Sunday, September 29, 2013

Theatre review: Dark Road

Published in the Guardian
Royal Lyceum, Edinburgh
Three stars
IT HAS been a while since the stage has had much truck with genre fiction. Not since the days of weekly rep, when Agatha Christie was reigning queen of the whodunit, has there been much space in the theatre for plot-driven mysteries and thrillers. Those forms have proved better suited to novel and screen. That's why the theatrical debut of Ian Rankin, with a play co-written by artistic director Mark Thomson, is at once familiar and strange; the genre is everywhere, but we rarely see it on stage.

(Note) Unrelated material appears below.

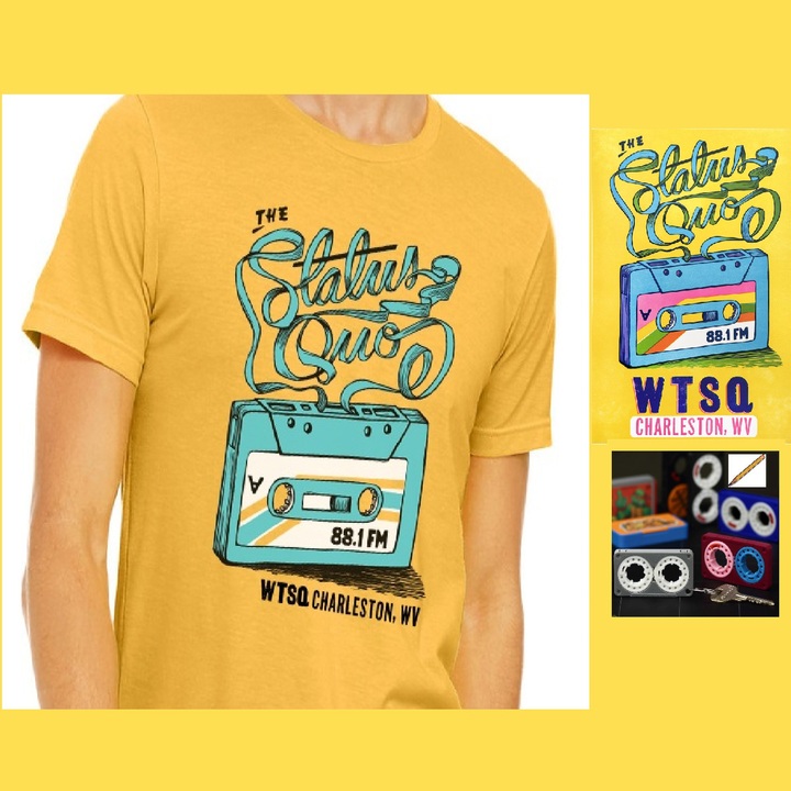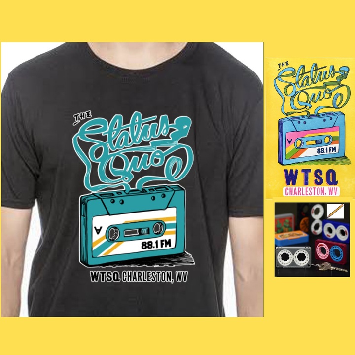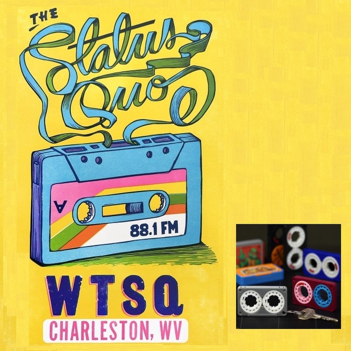 This year’s fund drive design comes from Camp NeverNice, featuring a vibrant, hand-crafted composition: a warped cassette reading The Status Quo alongside a classic WTSQ tape stamped with 88.1 FM. A nod to analog culture and creative mixes, where music is shared, genres blended, and communites are built ❤️

In manner and appearance, Dark Road plays by the rules of the modern TV cop show. Thanks to Forbrydelsen, Broadchurch and the adaptations of Rankin's own Inspector Rebus novels, all of us are up to speed with the idea of the troubled detective, a figure whose intuitive gift for sleuthing is threatened by inadequacies in their private life.

Thus we have Isobel McArthur, played with characteristic gutsiness by Maureen Beattie, who would be happier about her completion of 30 years' police service and her accolade as Scotland's first female chief constable if it weren't for her dysfunctional relationship with her 18-year-old daughter and the nagging doubt that her most high-profile conviction was made possible only by dodgy 1980s forensic techniques.

In this sense, Dark Road is less a whodunit than a did-he-really-do-it? Alfred Chalmers, played by Philip Whitchurch with a creepily believable mixture of anger and geniality, has spent 25 years in a psychiatric hospital for the murder of four young women, all of whom had sought abortions in the hospital where he was an orderly. The aging detectives who got him banged up are instinctively convinced of his guilt, but have conveniently lost the one flimsy piece of evidence that clinched the case. The killer's mind games that so unsettled them in the past are taking hold again.

Thomson draws out a set of ferocious performances in a pacy production that papers over the more implausible corners of the plot and the clunkier passages of exposition. What's harder to transcend is the hermetic nature of the genre: when everything rests on solving the mystery, there's little room for metaphor. Rankin goes some way to dealing with this by developing a theme about living with the consequences of guilty secrets and half-remembered mistakes, but by the end, when the play lurches into Victorian melodrama, we're left with the empty feeling of a story which, however well told, lacks resonance.